Human Emotion Audio Recognition Tool
This project was optimized for portability. Therefore, it contains all the necessary code and the raw dataset. To begin, you must install a virual environment and all the required packages within it.
Python in version 3 or above is required and utilizing CUDA cores is highly recommended.
EAll dependencies are listed in the requirements.txt files. There are two of them:
- In the
/srcfolder, if you only want to run the main code. - In the
/notebooksfolder, if you want to work with the notebooks.
To install the packages after initializing virtual environment, run the command:
pip install -r requirements.txt
Unfortunately, you'll have to install the PyTorch module manually. To do that, visit their site, choose the configuration for your system, and install the necessary packages. For this project only torch and torchaudio is required.
For data augmentation, it is crucial to install the “extras” needed to run the preprocess.py script properly. After installing audiomentations, run:
pip install audiomentations[extras]
LFinally, you will need an account on Weights & Biases website to track the logs during the experiments.
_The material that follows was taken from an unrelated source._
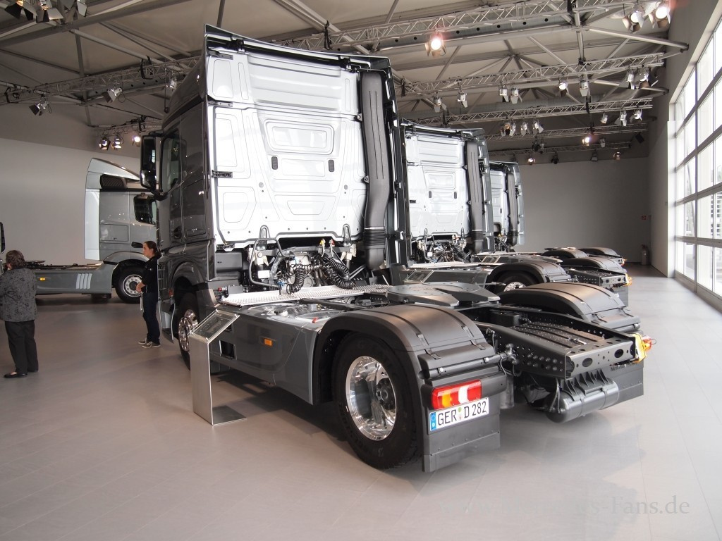 Nach einer phänomenalen Präsentation in Brüssel und seinem Auftritt auf der IAA traf Mercedes-Fans.de kurz danach ein drittes Mal auf das brandaktuelle Flaggschiff von Mercedes-Benz Lkw, den Actros neuester Generation. Doch diesmal sollte es nicht beim bloßen Bestaunen des Lkw-Boliden bleiben: Ein zweitägiges Programm stand auf dem Plan, das neben einer ausführlichen Fahrzeugvorstellung Touren über die Autobahn, zahlreiche Landstraßen und eine Teststrecke vorsah, bei denen der neue Actros sein Fahrpotential in der Praxis unter Beweis stellen durfte.

After running any script, you’ll be prompted for your API key and shown instructions.
As mentioned above, the project was optimized for portability and includes a basic dataset, so you can launch the final system script immediately.
Other experiments require augmentation to reproduce the thesis results. If augmentation is not necessary and the default dataset is sufficient, replace any paths from augmented-features to split-features.
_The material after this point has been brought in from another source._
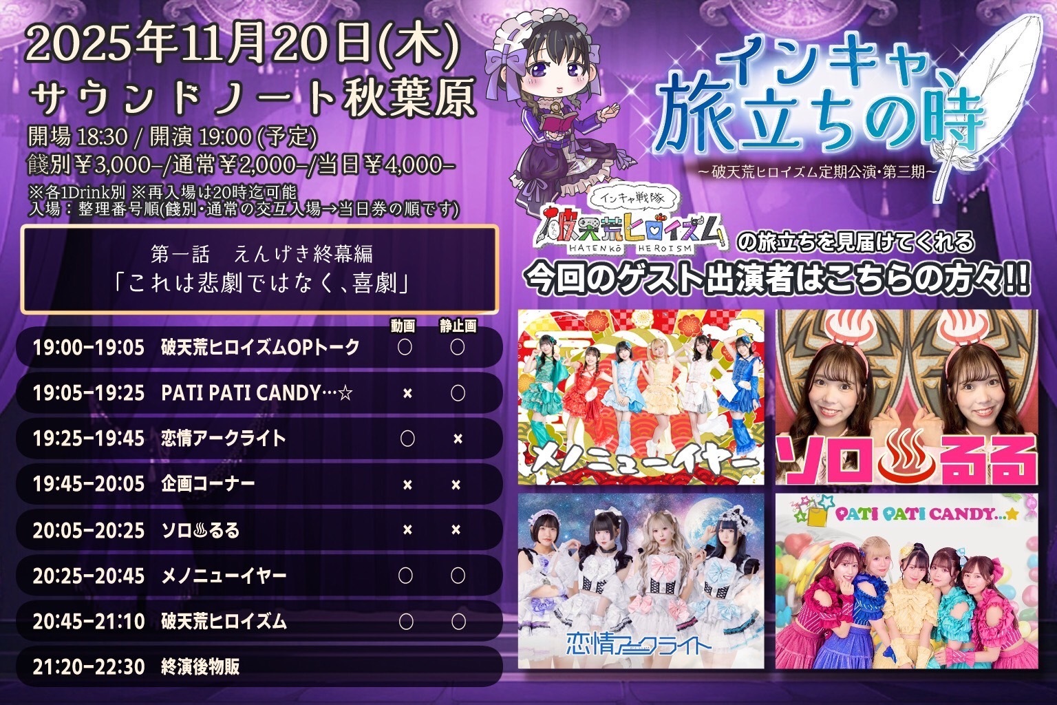 ソロ♨️るる出演『破天荒ヒロイズム定期公演・第三期「インキャ、旅立ちの時」 💜第一話 えんげき終幕編〜これは悲劇ではなく喜劇〜』@サウンドノート秋葉原

Keep in mind though, that the preprocessing is still required, but the augmentation process could be skipped this way (as it takes a long time).
-
preprocess.py: Preprocesses the dataset and creates all the files needed to train the models.
-
exp_* scripts: Each corresponds to a specific experiment (names are self-explanatory).
-
final_system.py: Runs the architecture proposed in the thesis.
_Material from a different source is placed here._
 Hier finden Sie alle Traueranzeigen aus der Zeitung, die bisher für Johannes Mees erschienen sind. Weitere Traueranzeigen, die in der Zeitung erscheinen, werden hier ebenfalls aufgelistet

There is currently no command-line parameterization. However, the code was designed to be easily adapted via method arguments.
The only inconvenience is excluding specific audio features you don’t want the model to process. You could do that by typing the exact names of them, or go to the src/audio_processing/features/extractor.py file and comment out all the features listed in the get_features_dict method. That's the fastest way to do it.